▶ **Given material**:
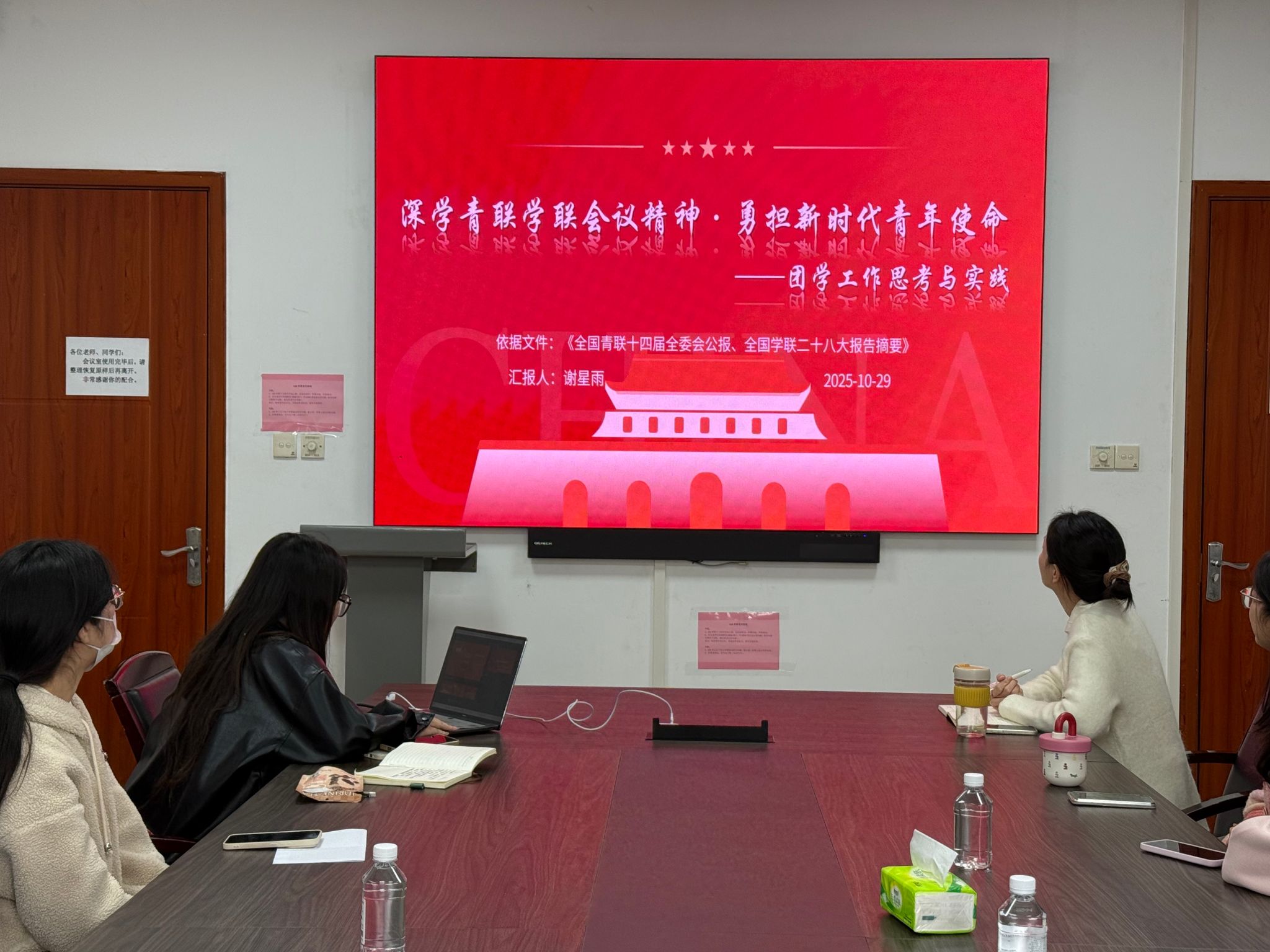 随后,参会骨干结合自身工作岗位,围绕“如何将青联学联精神融入团学实践”展开交流探讨,分享学习感悟与工作思路,针对活动策划、思想引领、服务同学等方面的实践方向交换意见,进一步明晰了团学工作的发力点。会议最后,团委书记徐墨对后续工作进行安排,要求各部门以会议精神为指引,深化理论学习成果,加强部门协作,打造贴合青年需求、彰显学科特色的团学活动,切实提升服务效能。
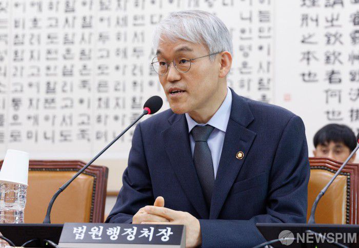 [서울=뉴스핌] 윤창빈 기자 = 천대엽 법원행정처장이 19일 오후 서울 여의도 국회에서 열린 법제사법위원회 전체회의에서 의원 질의에 답변하고 있다. 2025.03.19 pangbin@newspim.com |
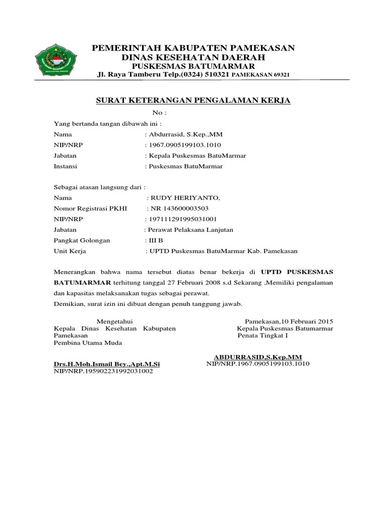 Biasanya orang yang harus menyusun surat pengalaman kerja atau surat keterangan kerja atau surat referensi kerja ini adalah orang dengan . Mou puskesmas sekolah contoh mou sekolah dengan puskesmas guru loyal contoh surat permohonan obat contoh surat permohonan kerjasama dengan puskesmas surat w . Surat lamaran kerja puskesmas 10 contoh surat pengalaman kerja di perusahaan rumah sakit guru. Kop surat (rumas sakit/puskesmas tempat kerja sebelumnya). Bebas dari kriminalitas, maupun surat keterangan pengalaman kerja.

▶ **Exercise**: Copy the listing above verbatim, leaving out pictures.

▶ **Answer section**:
 随后,参会骨干结合自身工作岗位,围绕“如何将青联学联精神融入团学实践”展开交流探讨,分享学习感悟与工作思路,针对活动策划、思想引领、服务同学等方面的实践方向交换意见,进一步明晰了团学工作的发力点。会议最后,团委书记徐墨对后续工作进行安排,要求各部门以会议精神为指引,深化理论学习成果,加强部门协作,打造贴合青年需求、彰显学科特色的团学活动,切实提升服务效能。
 [서울=뉴스핌] 윤창빈 기자 = 천대엽 법원행정처장이 19일 오후 서울 여의도 국회에서 열린 법제사법위원회 전체회의에서 의원 질의에 답변하고 있다. 2025.03.19 pangbin@newspim.com |
 Biasanya orang yang harus menyusun surat pengalaman kerja atau surat keterangan kerja atau surat referensi kerja ini adalah orang dengan . Mou puskesmas sekolah contoh mou sekolah dengan puskesmas guru loyal contoh surat permohonan obat contoh surat permohonan kerjasama dengan puskesmas surat w . Surat lamaran kerja puskesmas 10 contoh surat pengalaman kerja di perusahaan rumah sakit guru. Kop surat (rumas sakit/puskesmas tempat kerja sebelumnya). Bebas dari kriminalitas, maupun surat keterangan pengalaman kerja.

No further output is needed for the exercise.